LLM as a service

One of easy ways to deploy an LLM is to use a model provided by HuggingFace with the help of SHALB helm chart.

The helm chart allows installing a text genertation inference container, optionally accompanied by the chat-ui interface to talk to the service.

To deploy the LLM, choose a text generation model without download restrictions and modest footprint (f.e. Mistral is a good one) and create the helm values file (huggingface-values.yaml) similar to this one:

model:
  organization: "mistralai"
  name: "Mistral-7B-Instruct-v0.2"

persistence:
  accessModes:
  - ReadWriteOnce
  storageClassName: rook-ceph-block
  storage: 500Gi

updateStrategy:
  type: Recreate

ingress:
  enabled: true
  annotations:
    kubernetes.io/ingress.class: haproxy
  hosts:
  - host: <subdomain>.nrp-nautilus.io
    paths:
      - path: /
        pathType: Prefix
  tls:
  - hosts:
    - <subdomain>.nrp-nautilus.io

resources:
  requests:
    cpu: "3"
    memory: "10Gi"
    nvidia.com/gpu: 2
  limits:
    cpu: "8"
    memory: "25Gi"
    nvidia.com/gpu: 2

affinity:
 nodeAffinity:
   requiredDuringSchedulingIgnoredDuringExecution:
     nodeSelectorTerms:
     - matchExpressions:
       - key: nvidia.com/gpu.product
         operator: In
         values:
         - <desired_gpu_type>

chat:
  enabled: true
  resources:
    limits:
      cpu: "2"
      memory: "5G"
    requests:
      cpu: "500m"
      memory: "512M"

  ingress:
    enabled: true
    annotations:
      kubernetes.io/ingress.class: haproxy
    hosts:
    - host: <subdomain>-chat.nrp-nautilus.io
      paths:
      - path: /
        pathType: Prefix
    tls:
    - hosts:
      - <subdomain>-chat.nrp-nautilus.io

mongodb:
  updateStrategy:
    type: Recreate
  resources:
    limits:
      cpu: "10"
      memory: "10G"
    requests:
      cpu: "1"
      memory: "1G"

Replace <subdomain>. Optionally leave and modify the section with desired_gpu_type or remove the whole affinity block.

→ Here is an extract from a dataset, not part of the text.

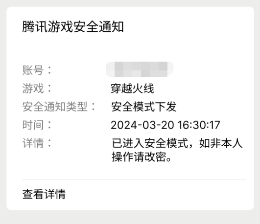 当腾讯游戏安全检测系统检测到账号发生异常时,会通过【腾讯游戏安全中心】公众号向CFer推送异常信息,并提供详细的异常情况说明,以及相应的安全功能操作指引,CFer可以根据安全指引开启相关功能,

Install Helm and deploy the LLM into your namespace:

helm install hug -n <your_namespace> oci://registry-1.docker.io/shalb/huggingface-model -f huggingface-values.yaml

If you see 3 pods started in your namespace, you're almost done! The model will be downloaded and cached by the init container. Go stretch, make some tea, and give it some time to be downloaded into our persistent storage. Onse the init container is done and main one starts, give it some more time to start, and you can start chatting with the AI.

Your chat-ui will be available at <subdomain>-chat.nrp-nautilus.io, and API at <subdomain>.nrp-nautilus.io.

Please scale down or purge unused deployments to free up resources for other users of the cluster. Your model will remain cached in our persistent storage and next time the start up will be much quicker.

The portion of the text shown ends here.